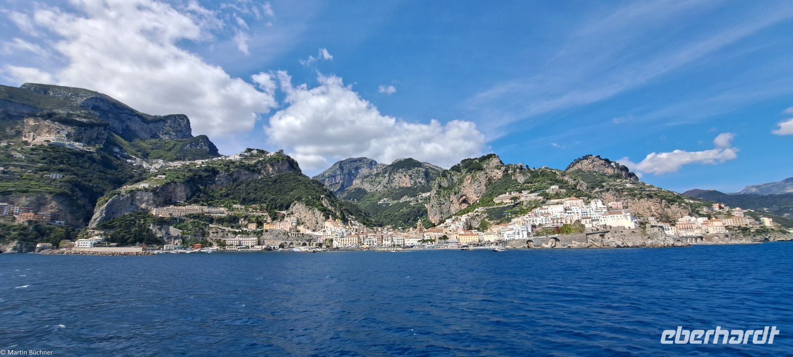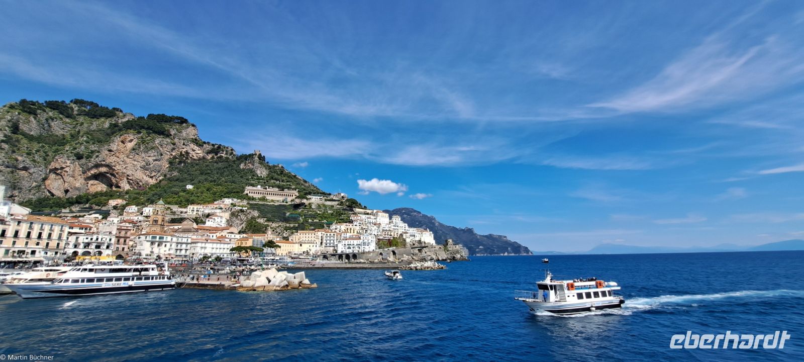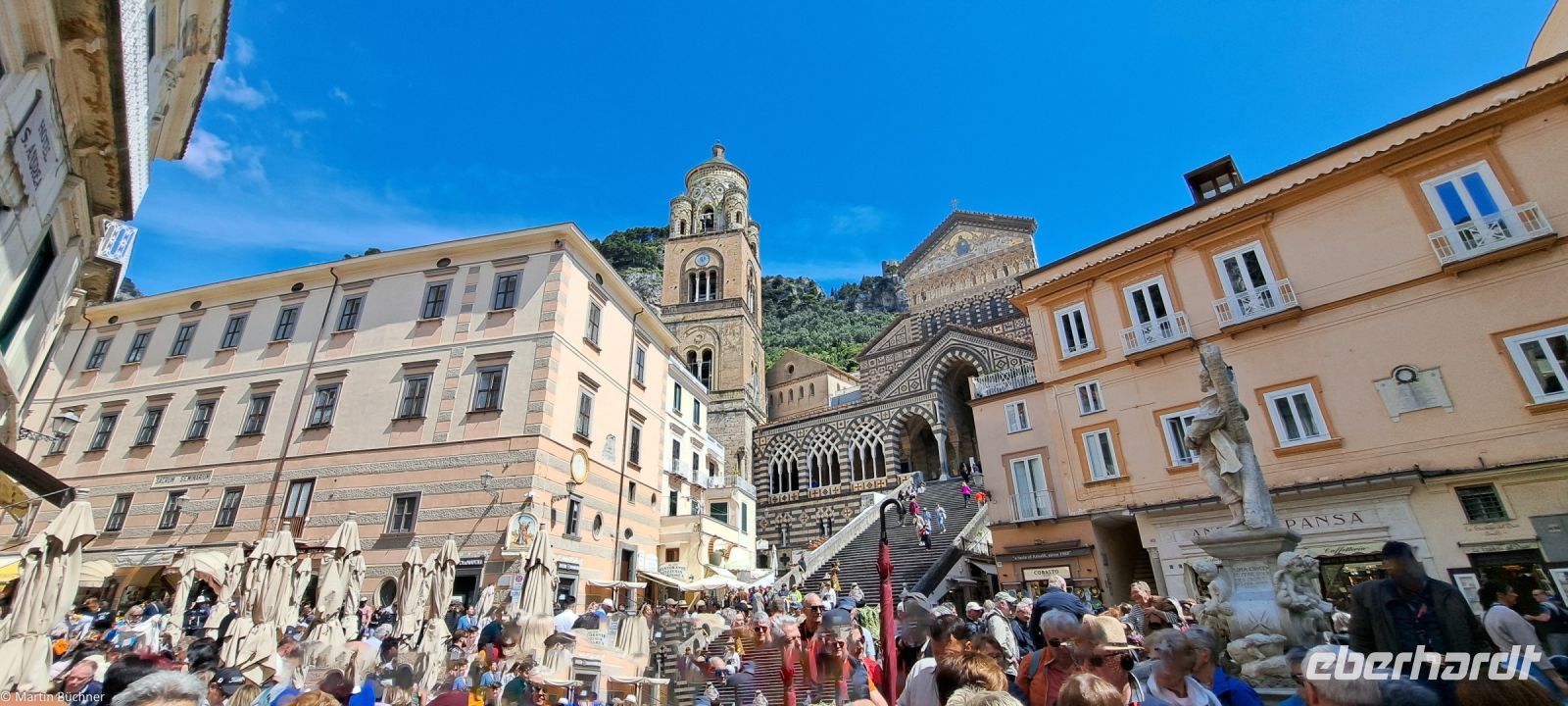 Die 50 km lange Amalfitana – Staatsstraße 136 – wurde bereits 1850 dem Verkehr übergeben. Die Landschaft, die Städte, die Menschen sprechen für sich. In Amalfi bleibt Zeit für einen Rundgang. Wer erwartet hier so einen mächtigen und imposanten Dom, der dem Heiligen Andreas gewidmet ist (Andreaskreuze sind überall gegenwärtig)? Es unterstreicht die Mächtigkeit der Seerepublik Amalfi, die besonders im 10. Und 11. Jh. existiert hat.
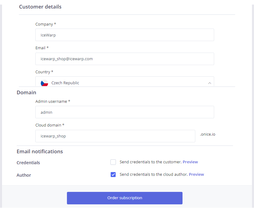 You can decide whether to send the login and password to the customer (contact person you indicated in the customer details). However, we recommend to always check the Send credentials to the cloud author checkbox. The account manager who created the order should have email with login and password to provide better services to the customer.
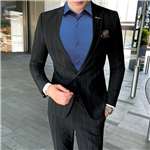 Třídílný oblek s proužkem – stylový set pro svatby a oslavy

■ ■ ■ ■ ■ ■ ■

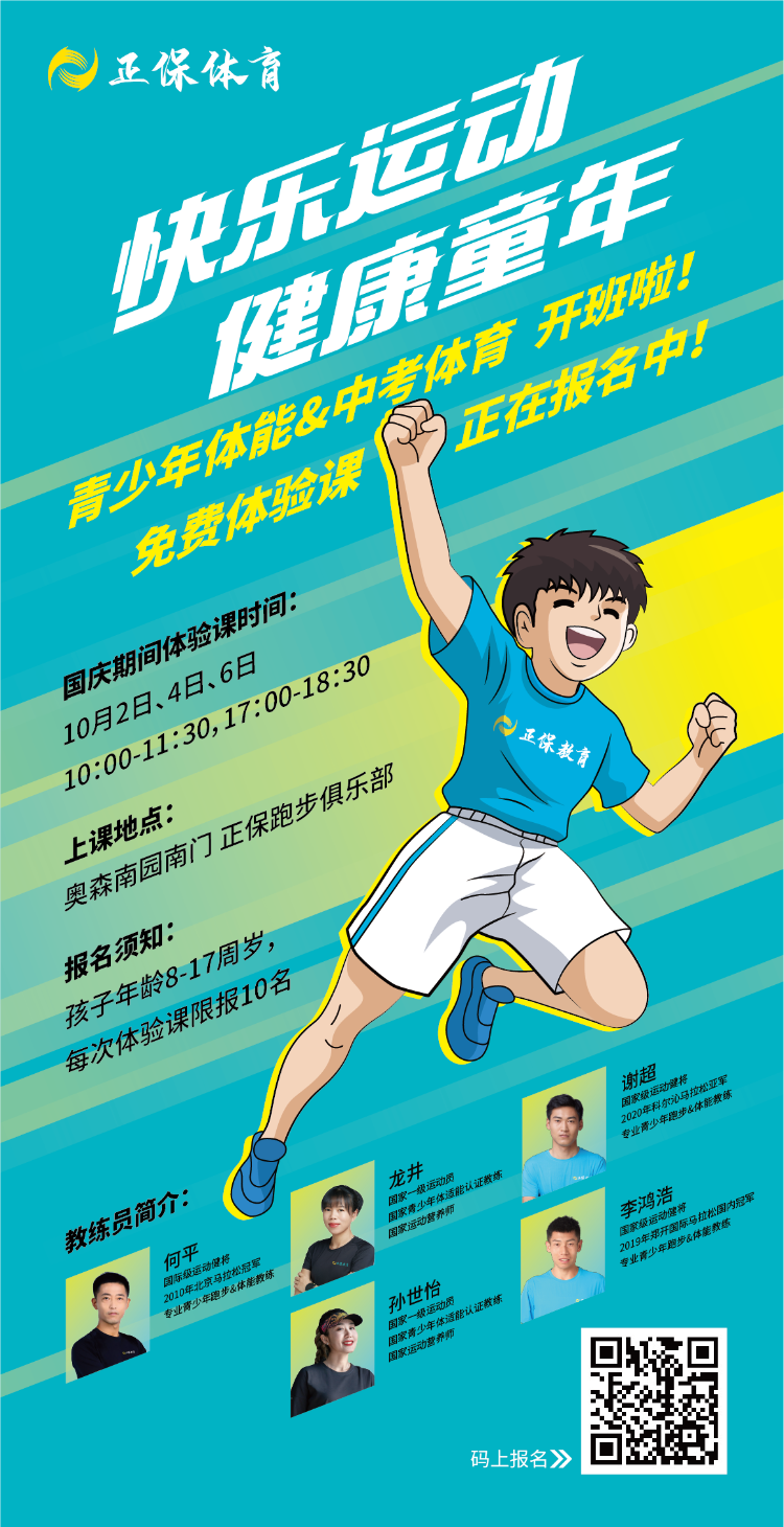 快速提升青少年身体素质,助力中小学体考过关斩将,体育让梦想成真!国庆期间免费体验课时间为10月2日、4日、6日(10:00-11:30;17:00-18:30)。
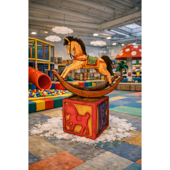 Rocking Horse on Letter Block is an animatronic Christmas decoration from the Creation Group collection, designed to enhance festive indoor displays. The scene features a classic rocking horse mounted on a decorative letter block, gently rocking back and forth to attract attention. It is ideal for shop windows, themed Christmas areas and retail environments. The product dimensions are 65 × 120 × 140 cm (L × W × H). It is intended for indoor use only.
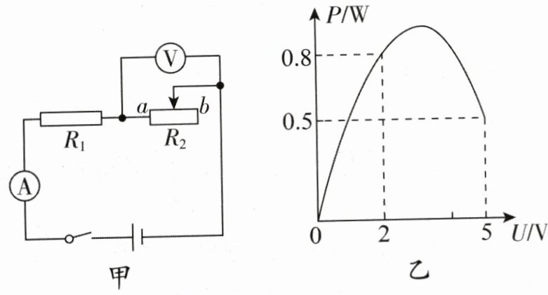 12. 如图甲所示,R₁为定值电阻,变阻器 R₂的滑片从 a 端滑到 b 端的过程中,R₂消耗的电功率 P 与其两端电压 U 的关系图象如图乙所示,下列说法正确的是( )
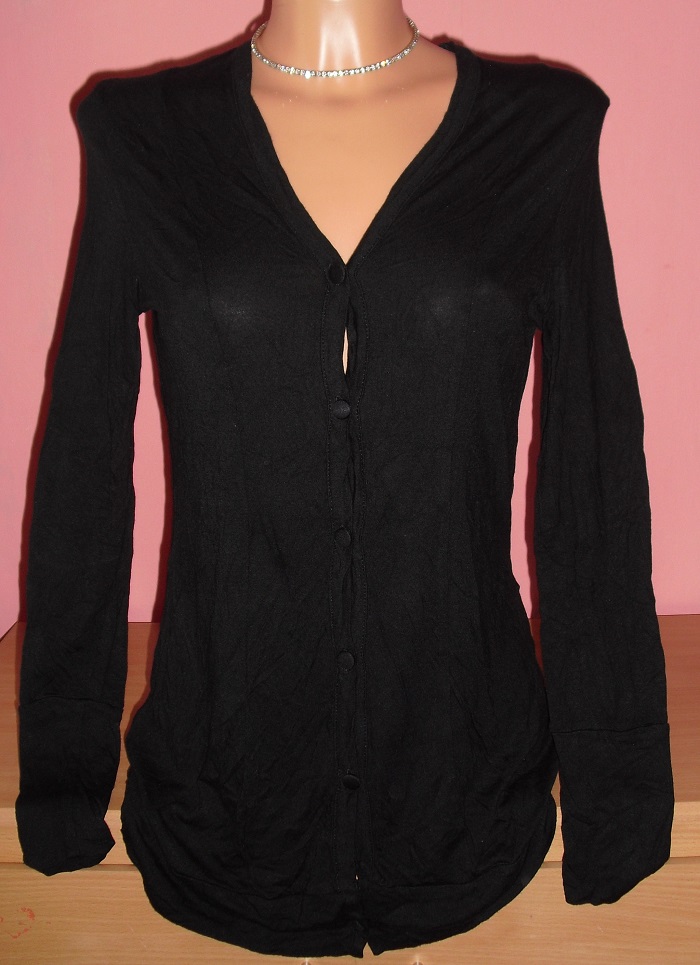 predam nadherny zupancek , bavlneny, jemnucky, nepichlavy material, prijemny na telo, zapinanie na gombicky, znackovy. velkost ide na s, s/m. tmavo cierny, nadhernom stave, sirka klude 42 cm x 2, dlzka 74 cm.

■ ■ ■ ■ ■ ■ ■

§ **What the task requires**
An exact copy is needed. It runs from the line above containing "You can decide" down to the line containing "Třídílný oblek s", both included, with no pictures.

§ **Exercise output**
 You can decide whether to send the login and password to the customer (contact person you indicated in the customer details). However, we recommend to always check the Send credentials to the cloud author checkbox. The account manager who created the order should have email with login and password to provide better services to the customer.
 Třídílný oblek s proužkem – stylový set pro svatby a oslavy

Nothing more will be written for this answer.